2. Description of the Related Art An electrophotographic image forming apparatus, such as a copying machine, a printer, and a facsimile machine, which charges a photosensitive member, forms an electrostatic latent image on a charged surface by exposure, and visualizes the electrostatic latent image with toner, employs a photosensitive member. A charger (main charger) for uniformly charging, a transfer unit (transfer charger) for transferring a toner image formed on a photoconductor to an image forming medium, and a static eliminator (static elimination charger) for removing residual charges from the photoconductor It has.

[0003] For example, a mainstream charging method for uniformly charging a photosensitive member is a method using corona discharge of a charger. According to this, a large amount of ozone is generated at the time of discharge, and a high voltage power supply of about 4 to 10 KV is required. Therefore, in recent years, a contact charging device has been put to practical use as an alternative charging method. This contact charging device is intended for low ozone and low power, and a conductive member such as a conductive roller, a conductive brush, or a conductive elastic blade is brought into contact with the surface of the image carrier, and the conductive member is electrically charged. A so-called contact charging system in which a voltage is applied to a member to charge an image carrier has been proposed (JP-A-56-14).
4453, JP-A-1-93762, etc.). Among these, a roller charging method using a conductive roller as the charging member is particularly preferably used from the viewpoint of charging stability. In the roller charging method, a conductive elastic roller is pressed against an object to be charged, and a voltage is applied thereto to charge the object.
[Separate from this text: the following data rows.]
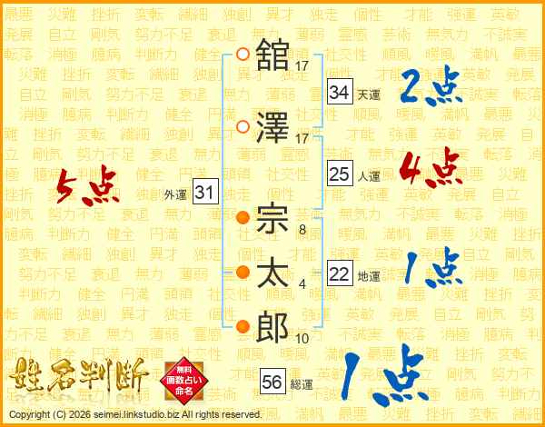 舘(17画)澤(17画) 宗(8画)太(4画)郎(10画)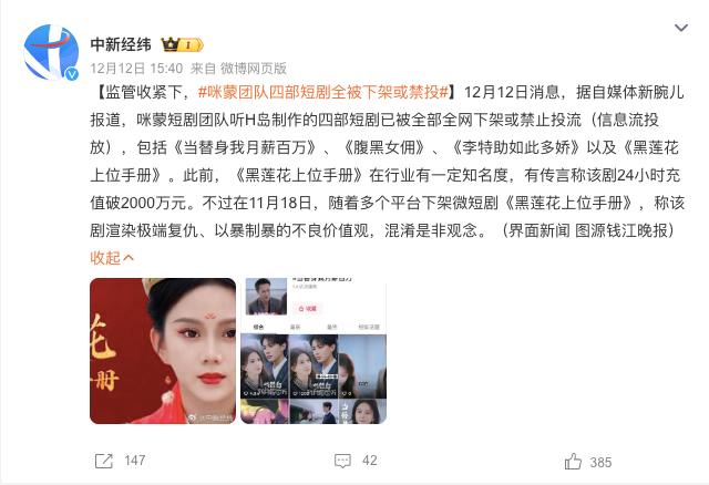 在《黑莲花上位手册》宣告下架一个月之后,咪蒙团队制作的四部短剧被全网下架。(图/微博)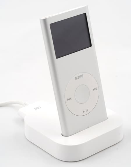 Как и прежде, в комплект поставки не входит док-станция (только адаптер) желающие могут приобрести ее отдельно. Стоит особенно обратить внимание, что, несмотря на большую схожесть плееров первого и второго поколения, док-станции у них разные (это вызвано различиями корпусов — бока у нового плеера скруглены), так что новый iPod nano не подойдет к доку для предыдущей модели и наоборот. Сзади кроме порта для подключения USB-кабеля находится аудиовыход, что порадует любителей стереосистем.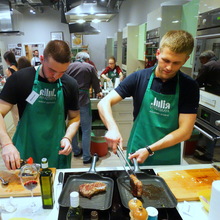 Настоящий стейк и секреты его прожарки и вафли из батата с соусом демиглас.
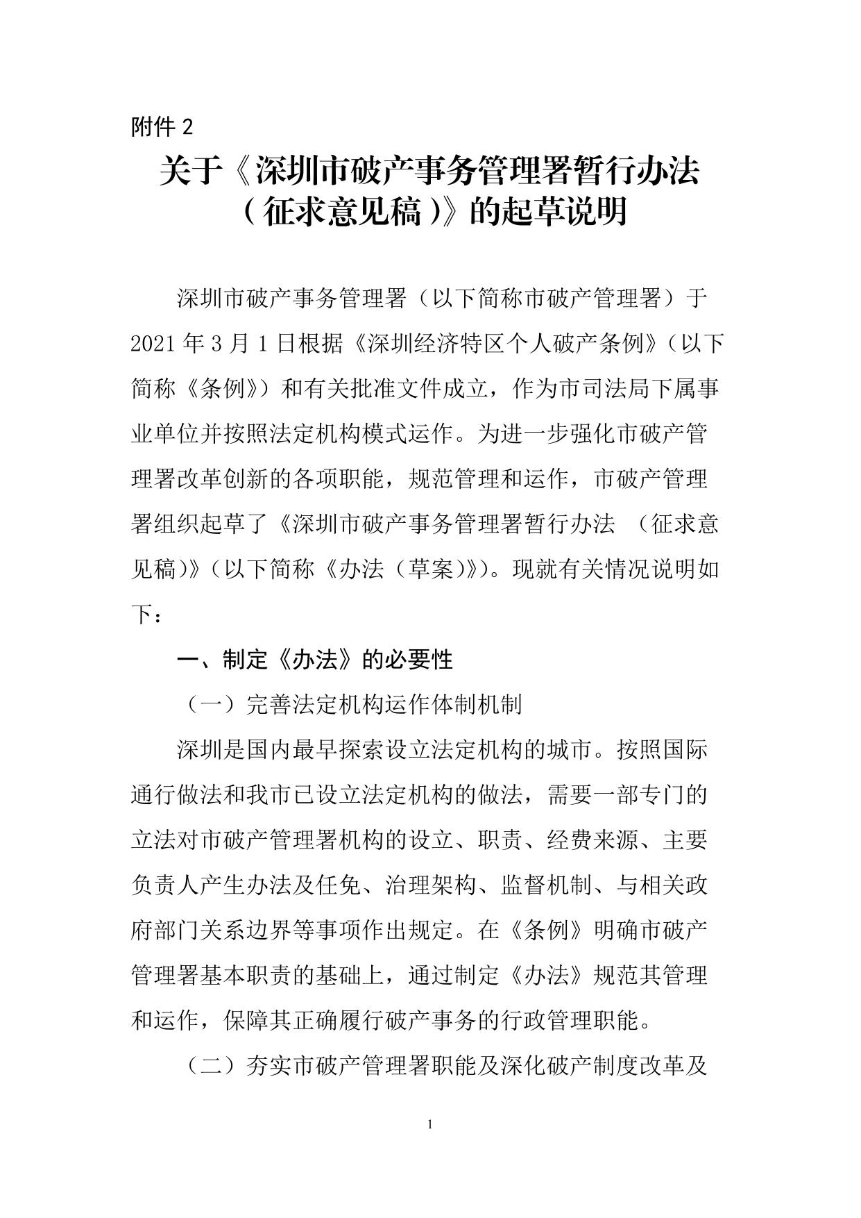 附件:2.关于 《深圳市破产事务管理署暂行办法(征求意见稿)》的起草说明.docx

[0004] However, recently, a new problem has arisen in the contact charging system (roller charging system). As a specific example, in a contact-type charging method using a high-resistance photoconductor, a small amount of ozone or NOx is generated, and the generated gas is generated very close to the photoconductor. There was a problem that the damage was large. In addition, in order to eliminate charging unevenness, it was necessary to apply an AC voltage to the conductive member. As specific examples, there are reported an image flow phenomenon which is considered to be caused by NOx adhering to the image carrier, and a phenomenon in which the CTL layer of the image carrier is easily scraped by direct discharge. Therefore, the corona charger is being reviewed again. However, in the conventional charging method using corona discharge, a large amount of ozone or NOx was generated due to a high applied voltage.

The corona charger disclosed in Japanese Patent Application Laid-Open No. 7-112004 attempts to reduce the applied voltage and obtain discharge stability by making the wire shape elliptical in cross section.
FIG. 3 shows a simulation result of the electric field intensity distribution around the charger wire 27. FIG. 3 shows the electric field intensity region where ozone is estimated to be generated by darkened portions (black) 28, where (a) shows one wire and (b) shows two wires. The case of is shown. As can be seen from these figures, the total area of the place 28 where the electric field strength is strong is:
There is almost no difference between one and two. In addition, FIG.
In the case of the two wires shown in (1), the electric field strength is weak at a place where the two wires are close, and a strong electric field is concentrated at a place away from the two wires.
It is assumed that the cross-sectional shape of one wire is substantially the same as that obtained by making the cross section into an ellipse or an ellipse. Therefore, when the cross-sectional shape is an ellipse or an ellipse, it is considered that a strong electric field is concentrated at a small radius of curvature at both ends of the long axis, thereby reducing applied voltage and stabilizing discharge.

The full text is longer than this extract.